Urbanising India: A Closer Look
by -India will be one of the last major countries in the world to experience the urbanisation of its population. In 2010, 31 percent of India’s people lived in its cities. By 2030, this is expected to rise to 40 percent. This means that an additional 220 million people move to cities across the country.
Which cities will these people go to? Is it possible to create jobs for these people? Will they have a good quality of life?
An enormous challenge
Approximately 100 million people will go to or be born in the top 10 cities; and the next 100 million people will go to or be born in next 80 cities with populations of over one million . A McKinsey study quotes “If India optimises the productivity of its cities and maximizes their GDP, the economy could add more than 170 million urban workers to its labour force by 2025.”
Urbanisation will bring wealth and also challenge equity. The number of urban households with true discretionary spending power are estimated to increase sevenfold, to 89 million households, in 2025. Will this additional wealth mean a better quality of life? This wealth will surely increase the competition for constrained resources such as public finance, water, road space, and others.
The newly elected BJP government is committed to addressing these urban challenges. It announced the 100 Smart Cities programme when it came to power thereby setting the stage for one of the biggest urban renewal programmes. Just recently, a top government panel has approved Rs. 2.73 Lakh Crores (US$ 2,730 billion) to develop 100 smart cities and upgrade basic civic infrastructure in another 500 cities over the next ten years .

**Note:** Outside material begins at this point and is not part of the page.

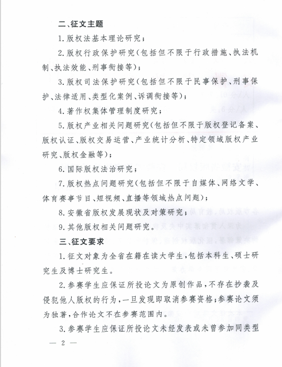 为深入贯彻落实中央及我省关于全面加强知识产权保护的决策部署,强化版权创造、保护和运用,提高青年大学生创新能力,营造全社会尊重知识、尊重版权的良好氛围,省版权局、省教育厅联合举办第二届安徽省大学生版权征文活动。

Cities and urbanisation clearly have the potential to be an environmentally sustainable way to work and live. Life in compact settlements requires less transport, less energy for cooling and heating, and directly occupies (and therefore, alters) less terrain than more spatially dispersed settlements.
What are Smart Cities?
There is no single, correct definition of Smart Cities. The idea behind creating them is to enhance human economic and social well-being, and to reduce costs and resource consumption. Collectively, the city has to work for all its citizens. A city has to be a place where its citizens can live, work, and thrive.
The discourse on Smart Cities includes a wide variety of topics, including governance, technology, citizen participation, transport, energy, health and pollution, water, and waste.
Land
Today India’s top 10 cities occupy 0.1% of the total land area, and its top 100 cities occupy 0.26% of the land. This land area will need to expand as more people come to live in cities, and it will be important to ensure expansion has certain efficiency. Land management will be a critical element of the smart cities programme.
Mobility
Indian cities in the last two decades have made large investments in building wider roads, flyover and elevated roads. This has only led to an increase in cars and associated negative results like air pollution and road traffic fatalities.
Global evidence shows new trends are emerging that are transforming the mobility paradigm from “moving cars” to “moving people”. Emerging global trends include bus rapid transit, unified cashless transactions across modes, taxi aggregators, bicycle sharing, car-license auction policies and others. Cities need to understand how to adopt the new paradigm, implement new trends, and ensure all initiatives are complimentary and not competing.
Finance (and measurement)
Governments, businesses, and investment funds are all beginning to understand the cost implications of climate change impacts such water scarcity, extreme weather events, temperature rise and want to invest in sustainable infrastructure.
Measuring environmental and social impact is critical to ensure that additional capital (in most cases) costs ensure reduction in environmental and social impact. Measurement methodologies will be key for cities to raise capital from private sector, launching fiscal instruments like bonds or accessing funds from the green climate fund.
Public Spaces
Public spaces are where everybody in the city can meet as equals. Cities need safe, clean public spaces. Streets are the largest public space in city and fostering vibrant streets can prioritize human interaction and create great public places where people can rest, relax and play.
Streets where one can walk or bicycle freely created sustainable and healthy lifestyles for everyone regardless of age, gender, ability, ethnicity or economic background. The Raahgiri Day open streets movement is a great start in this direction.
Technology for Disruptive Change
Efficiency through technology is clearly useful. And many truly transformative services can be “disruptive”, and create entirely new value propositions that may turn our ideas of ownership, participation, measures and experience on their head. So why not go back to starting with a problem that is pressing and needs new technologies and disruptive ideas for solutions?
A Smart City may not have single definition but it will require a willingness to sacrifice old ways and single-minded pursuits. Decisions will need to be built on strategic and evidence-based foundations, transforming cites to become places we would all like to come home to.